BioWare Announces Some Fixes For Anthem’s Broken Loot System

BioWare Announces Some Fixes For Anthem’s Broken Loot System

In the midst of mounting frustration with Anthem’s end-game loot grind, BioWare has announced a handful of changes to make it less gruelling. They don’t address all of the complaints players have had, but it’s a start.

The update, which is due to go live in the next day or two, will do three main things. First, common and uncommon equipment will no longer drop from end-game activities, helping put an end to the all too frequent pain of seeing what looks like a golden masterwork item in a pile of loot turn out to be a white item distorted by lighting effects.

Second, the resources needed to craft masterwork items from blueprints will be reduced from 25 masterwork embers to 15. Finally, the random stat rolls on gear, which Anthem calls inscriptions, will now have benefits catered more specifically to the piece of gear they’re on.

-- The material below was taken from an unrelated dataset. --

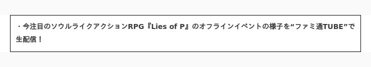 遂に明日開催となりますオフラインイベント「Lies of P JAPAN PREMIUM」ですが、イベント会場の模様は「ファミ通TUBE」にて生配信を実施いたします。生配信をご視聴の方にも楽しんでいただけるプログラムもご用意しております。ぜひご視聴ください。

“Many inscriptions are not useful to the item they are attached to,” Ben Irving, the game’s lead producer, wrote on the Anthem subreddit last night. “Due to this, players need to get many masterworks of the same item to find a ‘good one.’

Players want the frequency of masterwork drops to increase to help with the above OR … They want us to change how masterwork inscriptions work so that they are more ‘useful.’”

BioWare has decided to adopt the latter approach. Rather than boost the drop rates for masterwork and legendary items as some have requested, the studio has decided to make the stat rolls (inscriptions) on individual drops better so players don’t feel the need to keep grinding for additional ones.

This means better inscriptions on average for each masterwork item and no more useless inscriptions that don’t apply to the items they’re rolled on. The way inscriptions work is that they’re randomly generated and can belong to one of two categories: those whose effects apply to the entire Javelin and those whose effects apply only to the item they’re on.

Currently, it’s possible to grind for hours, get a new masterwork assault rifle, and then have one of the four inscriptions rolls on that assault rifle be something like “machine pistols do 9 per cent more damage” with a gear icon next to it showing that bonus only applies to the gun rather than the entire Javelin, making it completely useless (since it’s not a machine pistol).

Even when the stat bonuses aren’t item-specific, there can still be problems. The Colossus Javelin, for example, can’t even equip machine pistols, but the rest of its gear can still be full of machine pistol-related inscriptions.

Going forward, the inscriptions won’t be so random. If an inscription is item-specific, it will always directly benefit that item, e.g. an assault rifle with an inscription that grants 12 per cent more ammo on assault rifles. If the inscription applies to the entire Javelin, it will directly boost damage output or survivability in some way.

Since we still haven’t seen the new system in practice, it’s too early to say whether this will completely fix inscriptions. One of the other problems that currently exists is there’s no way to know what the best version of a particular inscription is, so when players re-roll their equipment for better ones, they have no idea what they’re aiming for. This particular update won’t address that.

It also won’t address one of the other problems with Anthem’s loot, namely that end-game rewards don’t feel in line with the difficulty of the missions they drop from. Tyrant Mine is the easiest of the three stronghold missions currently in the game so players keep running that one over and over, a recipe for boredom.

In addition, running missions on higher grandmaster difficulties doesn’t seem to significantly ratchet up drop rates, leaving some players feeling like they’re not worth the trouble. “Looking into this,” Irving responded when one commenter on the subreddit asked about this particular issue. “Understand the problem space for sure.”